Restricting head node usage

How severe does this issue affect your experience of using Ray?

  • Low: It annoys or frustrates me for a moment.

I have a local on-premise cluster of 5 identical machines (8 cores each).

I would like to restrict ray to only use 4 (of the 8) cores on the head node.

How can I do this?

cc @Chen_Shen, do you have insight here?

hi @xydote Ray doesn’t have built-in support using a proportion of physical resources on a single machine (with the exception of GPUs).

There is some ongoing work to use Ray workers in containers (where you can limit the resource used by the container) but it remains experimental.

@Chen_Shen,

Perhaps I am not understanding the question but couldn’t they just start ray on that node with

ray start / ray.init with the argument num_cpus=4?

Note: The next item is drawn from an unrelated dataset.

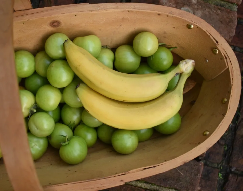 Uložte zelená rajčata do mísy a přidejte k nim banán nebo jablko. Rajčata rychleji dozrají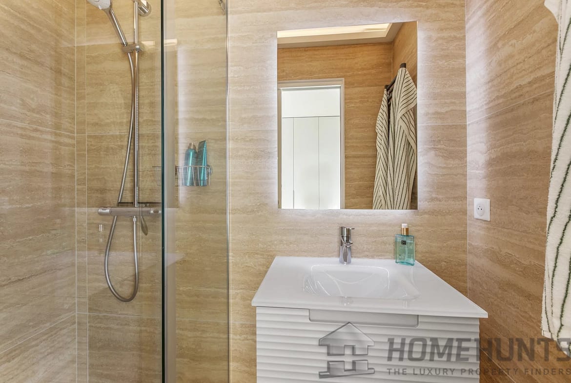 The night area features two beautiful bedrooms, each with its own en-suite shower room, ensuring optimal comfort. A separate WC adds to the functional layout.

@mannyv that’s a great question.
So when you override those system resources, it only affects ray’s scheduler (so it won’t schedule more than 4 tasks if the node is allocated with 4cpus) ; but it doesn’t prevent your task (i.e. if you started multiple threads in a single task) to use more resources than needed.

https://docs.ray.io/en/master/ray-core/tasks/resources.html

If specifying CPUs, Ray does not enforce isolation (i.e., your task is expected to honor its request).

Yeah this is not possible at the Ray level. If you’d like to achieve it, you can probably deploy ray within a container (with CPU restriction on a container).